25 August 2009

disgust in disguise
your love cloaked in lies.

you will miss me when i'm gone.

03 August 2009

i can't hear you over those pants.

somebody turn off the damn moon.

i could see the couple in my driver's side view mirror, kissing, gently.

it's when i look in the mirror, and expect to see a face. a face not my own.
a voice cracked and weary, yay, i do hear thee.

when i see my reflection i am absolutely transfixed by an image of myself paused in time. as if surprised i do indeed exist.

02 August 2009

i hear the thunder, rolling in.

they call me scarlett viletti like vile
i spew venom and bile
my body no more than a weapon.

i've told so many lies
not long now 'til i'll die
my heart alone won't get me to heaven.
familiarity breeds contempt.

01 August 2009

a drunken letter to myself. found behind my bed.

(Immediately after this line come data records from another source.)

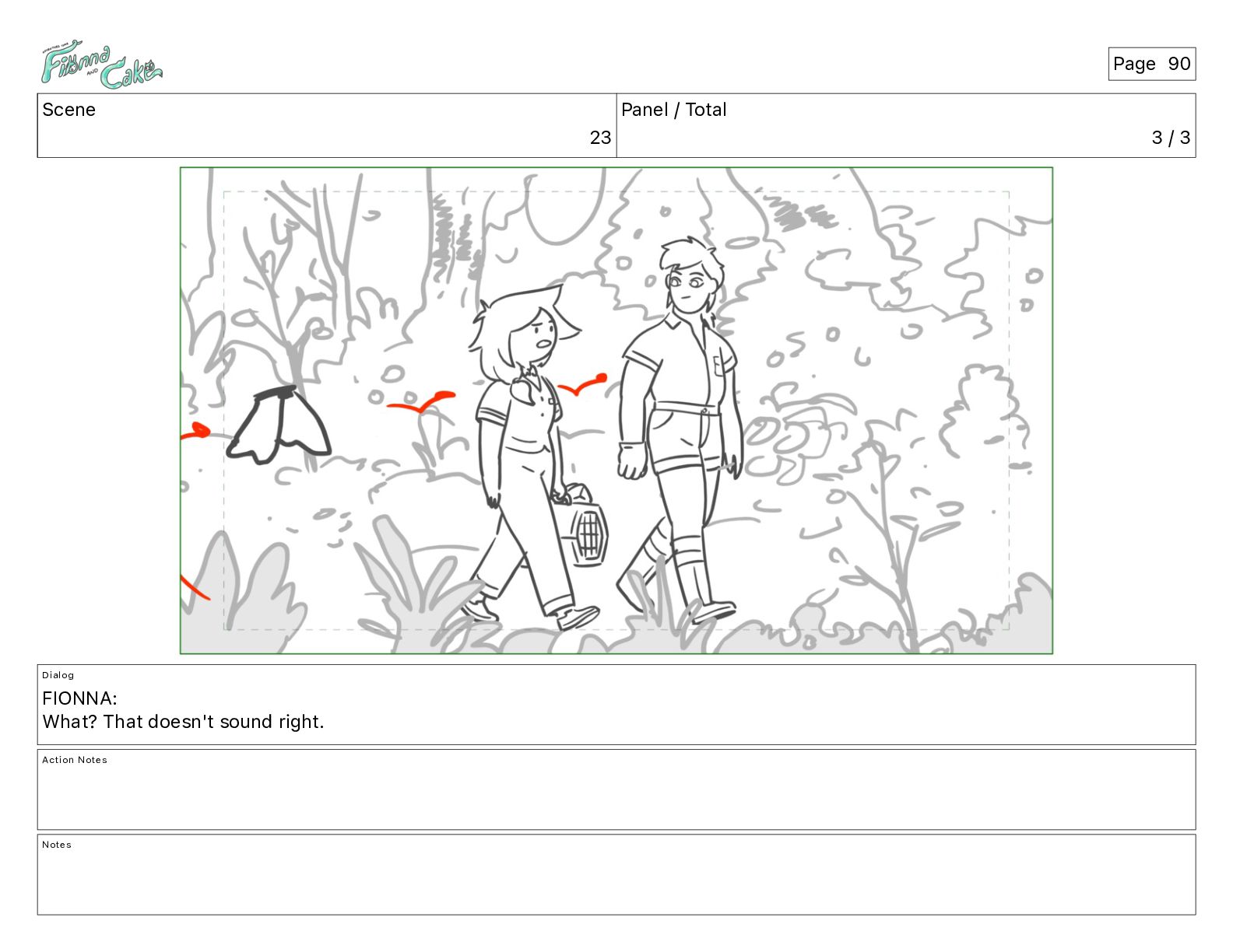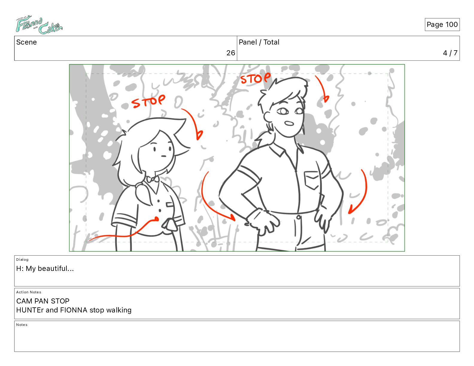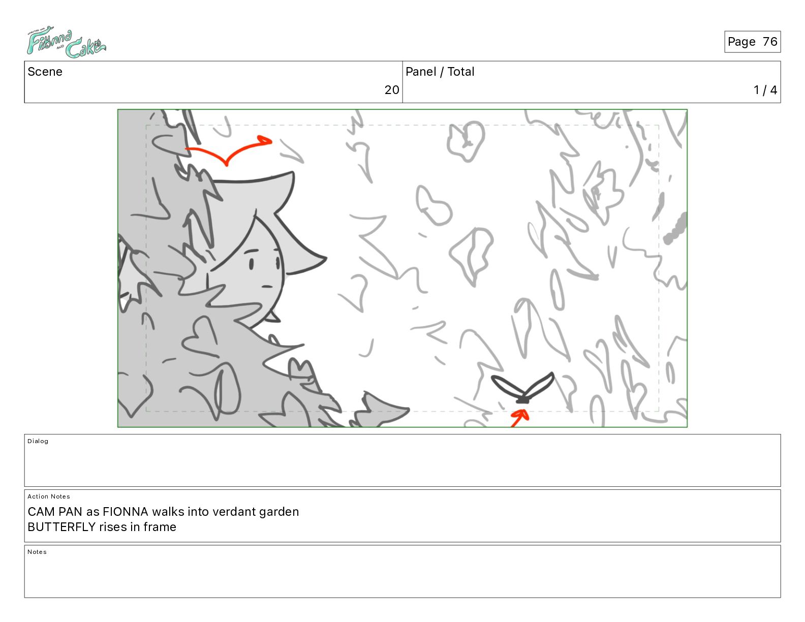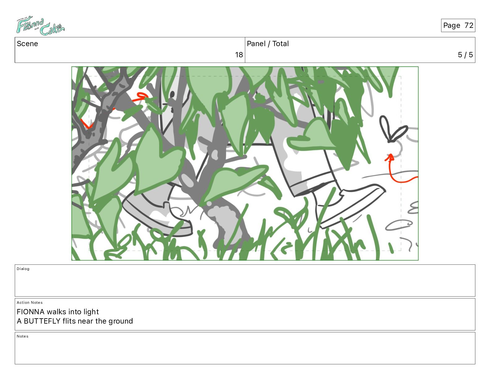 <meows> FIONNA: I wouldn't blunder through brambles... Action Notes CAM ADJ FIONNA follows and keeps walking Notes Page 26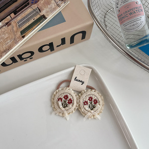 韩系新款刺绣花朵蝴蝶结bb夹发圈甜美蕾丝花边儿童发饰前额碎发夹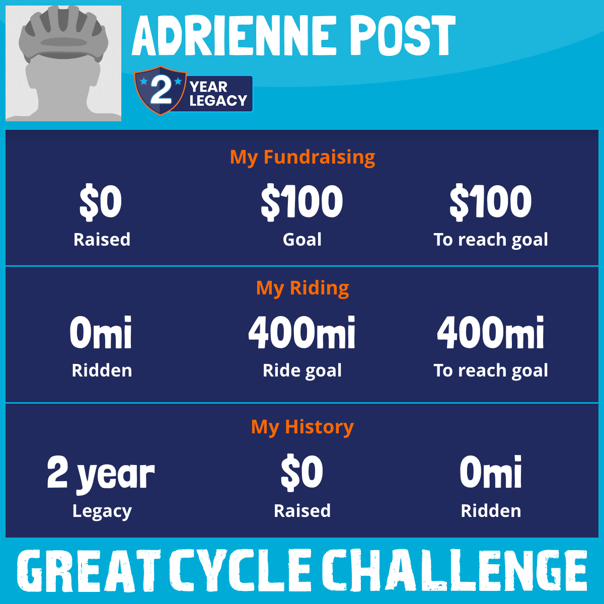 I am riding 400 mi for my mum, Dyanne. Please sponsor me and support my challenge to fight kids' cancer and save little lives.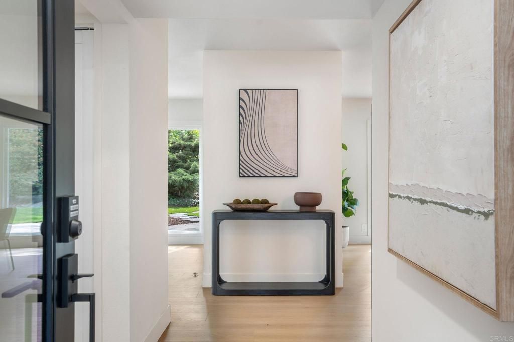 This top-to-bottom renovation of a two-story mid-century modern in Rancho Palos Verdes has been thoughtfully reimagined. A bold stucco-and-black-wood facade, new roof, and white oak-toned plank flooring throughout set the tone for what's inside. A sunlit living room with a plaster-surround fireplace, picture windows, and French doors opening to the backyard anchors the main floor. The open-concept kitchen and dining area is the heart of it all ? white oak cabinetry with black hardware, Calacatta quartz countertops and full-slab backsplash, professional-grade range with pot filler, and a generous island beneath gold pendants and a botanical wallpaper accent. Upstairs, the primary suite feels like a private retreat ? vaulted shiplap ceilings, a balcony with treetop views, and a spa-caliber en-suite with a freestanding soaking tub against a brick accent niche, rain shower with hand-textured plaster walls, and a white oak vanity with Calacatta countertops and shiplap-framed mirror wall. Every bathroom has been renovated with designer tile and curated fixtures. Outside, a rear patio flows beneath a black pergola to an outdoor kitchen with built-in grill, while a landscaped lawn stretches under mature trees bordered by roses. Close proximity to Terranea Resort, Point Vicente Lighthouse, coastal trails, and top rated schools ? make this one of the South Bay's most coveted addresses.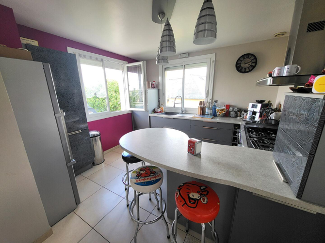 D'une surface de 142 m² de surface plancher, lumineuse et fonctionnelle, elle offre un agréable espace de vie totalisant près de 46m² avec un salon/séjour avec poêle à bois puis une cuisine aménagée et équipée.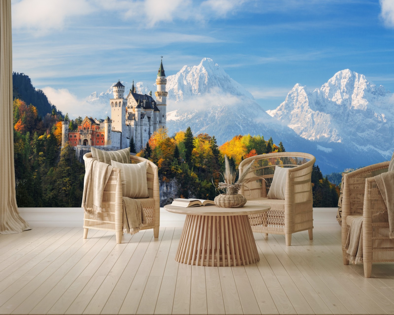 Verleihen Sie Ihren Wänden märchenhaften Charme mit diesem beeindruckenden Blick auf ein Bergschloss, umgeben von herbstlichen Wäldern und schneebedeckten Gipfeln.MehrWeniger

verbatim, from the back of a torn envelope:

"i get the spins real easy these days partially to bad judgment partially because the boss won't let us eat or take a break and well hey

so i decide to go on one of my vomadventures and don't have glasses but make it towards crickets and water and i can almost hear the moon can't see it but know it's there a big ol' pancake of light

jesus i've invented the time machine and i'm 16."

i am but onion skin.

the warm body in the room, breathing furniture, transformed over-night to no more than a single, albeit most collossal pachederm.

a bird's eye view of tiwsting, highly viscous floors composed neatly of swarovski crystals and free-range eggshells to form a river basin dried and ready to traverse.